ROLAND VILELLA
La sentinelle de fer. Mémoires du bagne de Nosy Lava. Madagascar.
"Le voile se déchire dans mon esprit. Offrir une mémoire à ces hommes, c'est nommer des ombres vêtues de haillons, chargées de crimes, épuisées par les tortures, la faim et la longueur effroyable de leur peine. Offrir une mémoire à ces hommes, c'est simplement les reconnaître et leur donner le droit d'être entendus. Tous autant qu'ils sont ! Tueurs ou escrocs, repentants ou non, abêtis de coups ou rusés, vicieux ou pas, mais tous brûlés au feu barbare de la torture, ce feu avilissant qui, sans les absoudre de leurs crimes, range la pitié dans leur camp. À ces hommes brisés, errants comme des animaux sournois dans le camp, il faut redonner le titre d'homme et le respect qui va avec. "
" Lorsqu'au crépuscule, dans la solitude de la baie où le voilier est ancré, je lève les yeux sur la sinistre sentinelle de fer, je ne peux m'empêcher de frissonner. Le soir se fait alors plus sombre et dans l'obscurité tendue comme un drap noir, j'entends l'âme des assassins que l'on torture gémir du malheur de vivre. Sur la plage encore chaude, une dernière lueur enflamme une pirogue abandonnée pour la nuit, son balancier lancé vers le ciel comme une supplique. La solitude se fait lourde. Un oiseau de mer attardé lance un cri d'alarme. La beauté m'étreint alors comme une peur et je devine que c'est la mort que je contemple."

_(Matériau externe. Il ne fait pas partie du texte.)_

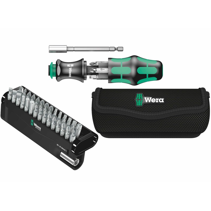 With the Wera Kraftform Kompakt 28 and the Wera Bit-Check 30 Metal 1, you have the perfect combination of quality and versatility. The Kraftform Kompakt 28 offers an ergonomic design and high-quality workmanship for comfortable and efficient work. The Bit-Check 30 Metal 1 includes a selection of Wera's most robust bits that come in a compact box for easy storage and transport. Features: Hex-Plus makes hexagon socket screws live longer - Especially for metal applications - Tough bits, for universal use - Universal holder with stainless steel sleeve - Multi-component hand holder with roll protection - With bayonet blade and integrated bit magazine - Connection part bayonet, with stainless steel sleeve and strong permanent magnet - Suitable for bits with 1/4 inch hexagonal drive. Box contents: - Handholder, with Bayonet blade and integrated bit magazine - universal holder, 1/4 inch x 50 mm - cross bits, 25 mm: 4x PH1, 4x PH2, 2x PH3 - Phillips bits, 25 mm: 4x PZ1, 4x PZ2, 3x PZ3 - inner star bits, 25 mm: TX10, TX15, TX20, TX20, TX. 25, TX3, TX0, TX40 - slotted bits, 25 mm: 0.6x4.5, 2x1x5.5, 2x1.2x6.5 - hexagon socket bits, 25 mm: 4, 5, 6 - Velcro strips: 70x50 mm - bag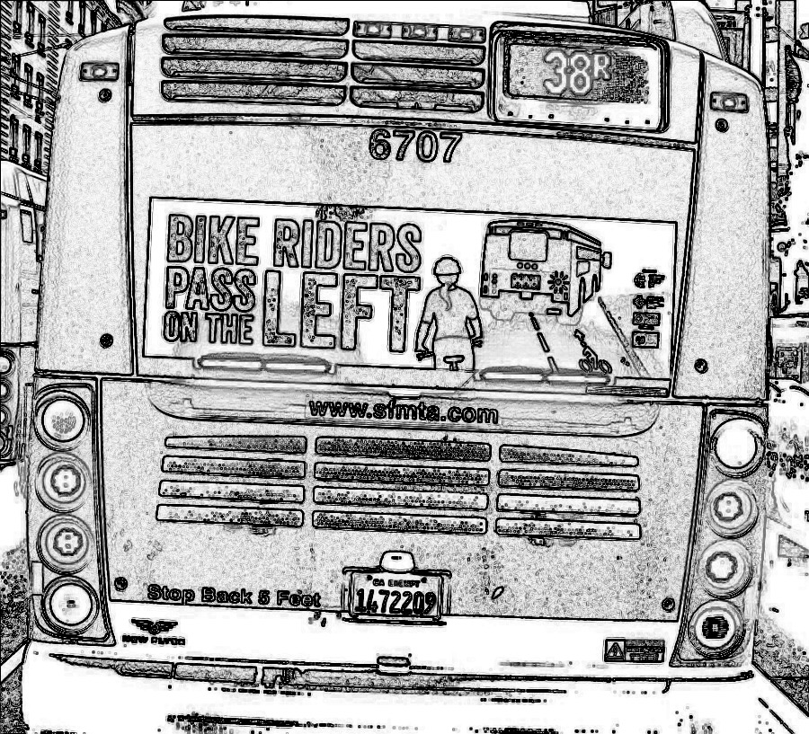 One great billboard on the back of some buses is the illustration showing a bus turned-in at a bus stop with a cyclist behind the bus moving to the left to pass the bus. What a great illustration for a cyclist to see traveling behind a stopped city bus! This message has helped countless times avoiding sideswipe right from a bike getting caught behind or at our rear door as passengers alight. One of the keys to effective change is to have the message right where it needs to be, and this safety ad is in first place!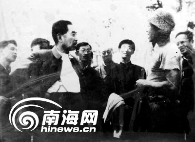 上午,身穿深灰色中山裝的周總理來到農(nóng)場(chǎng)橡膠園——這是儋縣愛國華僑1919年從南洋經(jīng)過千辛萬苦引種成功的,叫“天任”、“蔡惠”膠園,它是新中國發(fā)展橡膠主要的采種基地。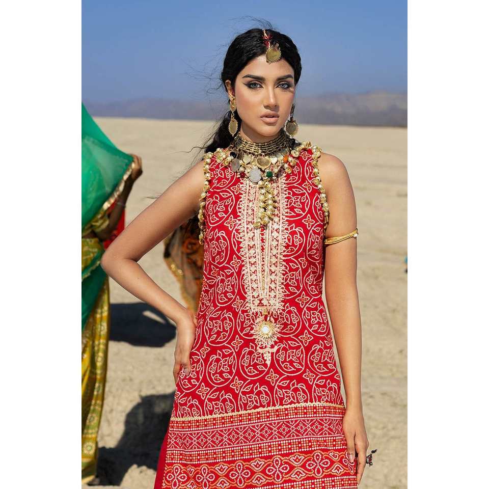 ชุดสูทผ้าลอนปักลายสีแดงสำหรับผู้หญิง แบบยังไม่เย็บติดกัน เหมาะสำหรับใส่ในชีวิตประจำวัน พร้อมการตกแต่งด้วยลายปักที่ประณีต
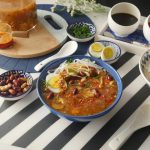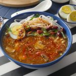 Serving bowl mein rice noodles,hot and sour soup,fried mong phali,hara pyaz leaves,boiled anda,chilli oil aur hara pyaz leaves dal ker serve karein!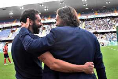 Serie B 2023-2023 Stadio Luigi Ferraris- Genova, 22 Ottobre 2023 Nella foto: Fabio Caserta e Andrea Pirlo -Sampdoria-Cosenza Campionato Calcio Serie B 22.10.2023 ©Andrea Rosito / AGENZIA ALDO LIVERANI SAS
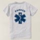 Great shirt for paramedics, EMT's and EMS A-EMCA or anyone in medicine and first response. Blue star of life with Rod of Asclepius. Front and back designs. Personalize with your own name.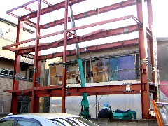 本日は引き続き3階建て重量鉄骨の建て方です。現場までの進入路が狭く軽トラに積替え、小運搬してカニクレーンで作業致しました。時より小雨が降る寒い1日でしたが建て方は無事完了、皆さんお疲れ様でした。また宜しくお願い致します。
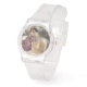 I only have one complaint. I ordered the watch with clear case and strap, and what was sent was white case and strap. I'm going to keep it because 1) it looks very nice in white, and 2) it would take too long to get a replacement made and sent in time for my occasion. Aside from the mix up with the color, the watch does look very good in white. The purple dial is actually sparkly which did not show in the online images. That was a nice surprise. If you like Swatch watches this is very similar to those. It's 33.6mm in diameter, 10.5mm thick, and 40.6mm lug to lug. Stainless steel case back says 3ATM/30m WR, so no swimming or showering or submerging this one. If you like Woodstock, this is a great choice.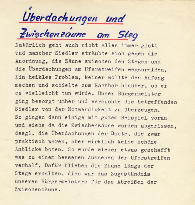 f) Verabschiedung einer Ordnung über das Verhalten im Bereich der Siedlergemeinschaft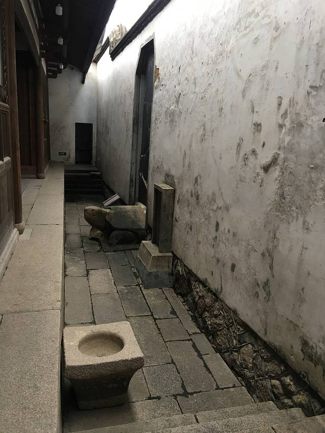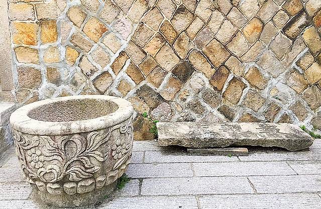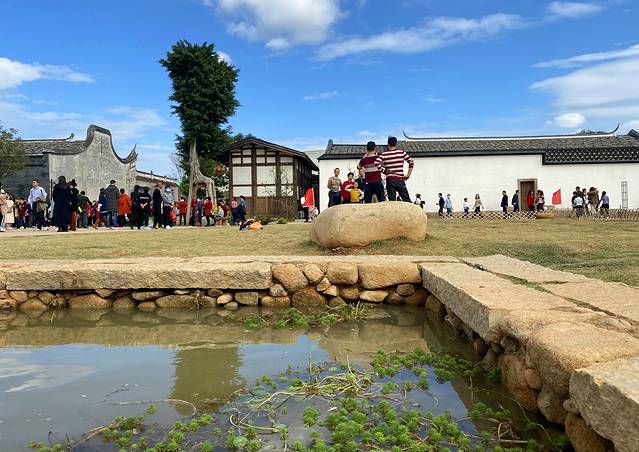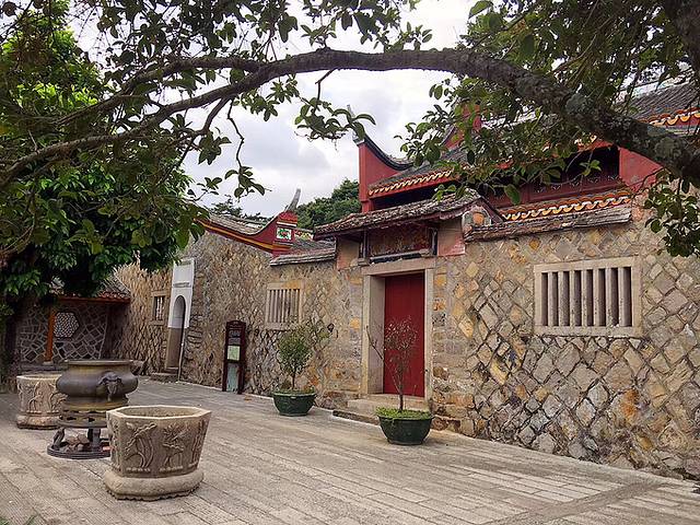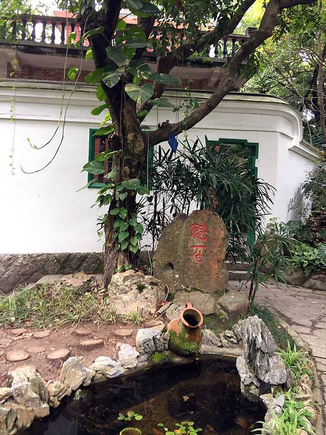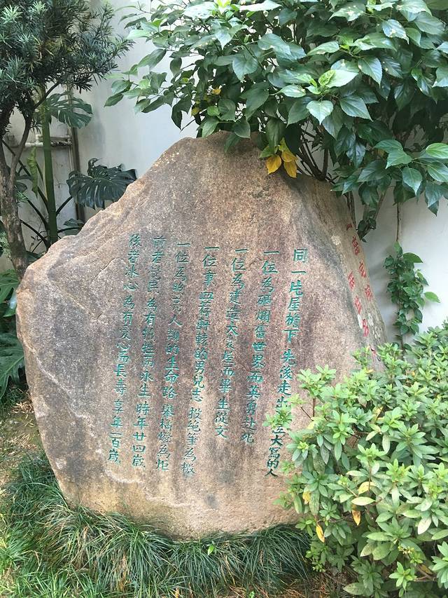 在补山精舍内可以看见这么一方巨石,形似武将头盔,石头顶上有一莲式须陀座石塔。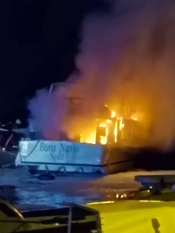 Brod dužine oko 15 metara planuo je u lučici, a požar je lokaliziran u 4.13 sati.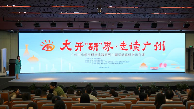 2025年10月31日,由广州市教育局主办,广州市研学实践协会承办,广州市教育研究院、广东省博物馆、广州市越秀区环市路小学、广州市荔湾区林凤娥小学、广州市黄埔区新港小学等单位协办的2025年“大开‘研’界·走读广州”中小学生研学实践系列主题活动的首场公开课在广东省博物馆圆满举行。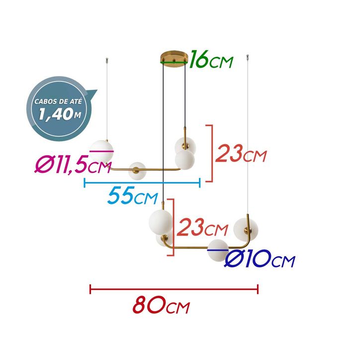 O que vem na caixa? 01 Pendente Stato em Metal e 8 globos de Vidro p/ G9 PD1327BZ-BR ST1898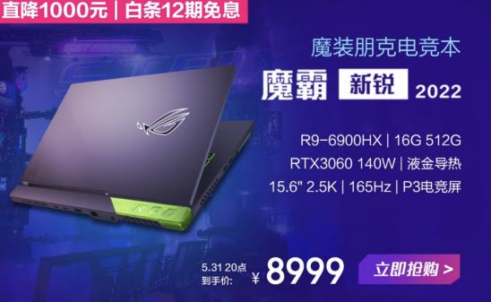 想要充值ROG信仰的玩家則可以選擇魔霸新銳2022,配置銳龍9 6900HX及140W滿血RTX 3060顯卡,液金導(dǎo)熱加持的冰川散熱系統(tǒng)為高性能游戲全面護(hù)航,2.5K 165Hz P3色域?qū)I(yè)電競(jìng)屏,無(wú)論是游戲或是日常觀影娛樂(lè)都是沉浸視野體驗(yàn),5月31日晚8點(diǎn)到手僅需8999元,買(mǎi)到就是賺到!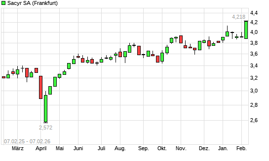 Mit dem Anstieg auf 4,22 EUR hat die Sacyr Vallehermoso S.A. Acciones Port.-Aktie (ISIN ES0182870214) am 06.02.2026 ein neues 10-Jahres-Hoch erreicht und damit den Kurs vom 07.01.2026 eingestellt.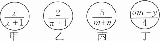 1. 如图,甲、乙、丙、丁四人手中各有一个圆形卡片,则卡片中的式子是分式的有(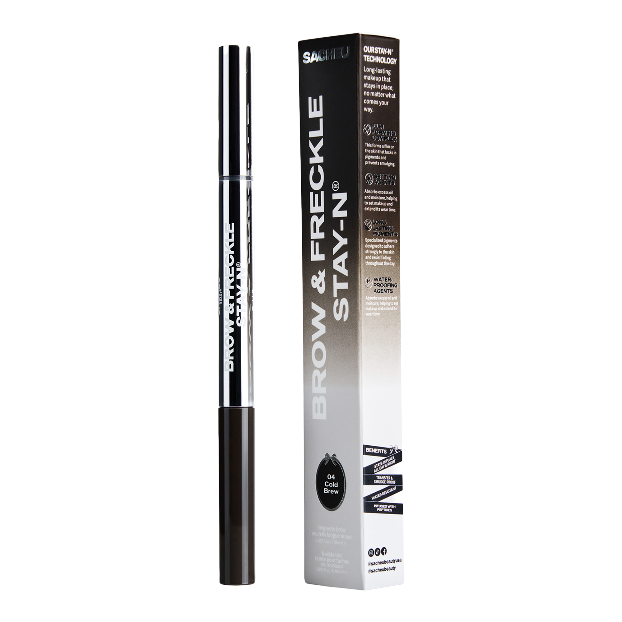 Presenting the Sacheu Beauty's 2-in-1 Long Wear Brow & Freckle Tint STAY-N for effortlessly fluffy brows and natural-looking freckles. The benefit-infused formula conditions while delivering smudge-proof, fade-resistant color that lasts all day.

"Albert Abolaza était porteur d'un message et n'a survécu que dans le but de le transmettre. En même temps qu'il assume son tragique destin, il dit les bas-fonds d'une société malgache profondément inégalitaire et corrompue où, en ce début de XXIe siècle, les hommes continuent à mourir de faim. Fresque brutale de criminels et de voleurs, tous misérables, livrés à d'impitoyables bourreaux appointés par l'État. Deux faces d'une société. Deux miroirs inversés. Une seule et même image. "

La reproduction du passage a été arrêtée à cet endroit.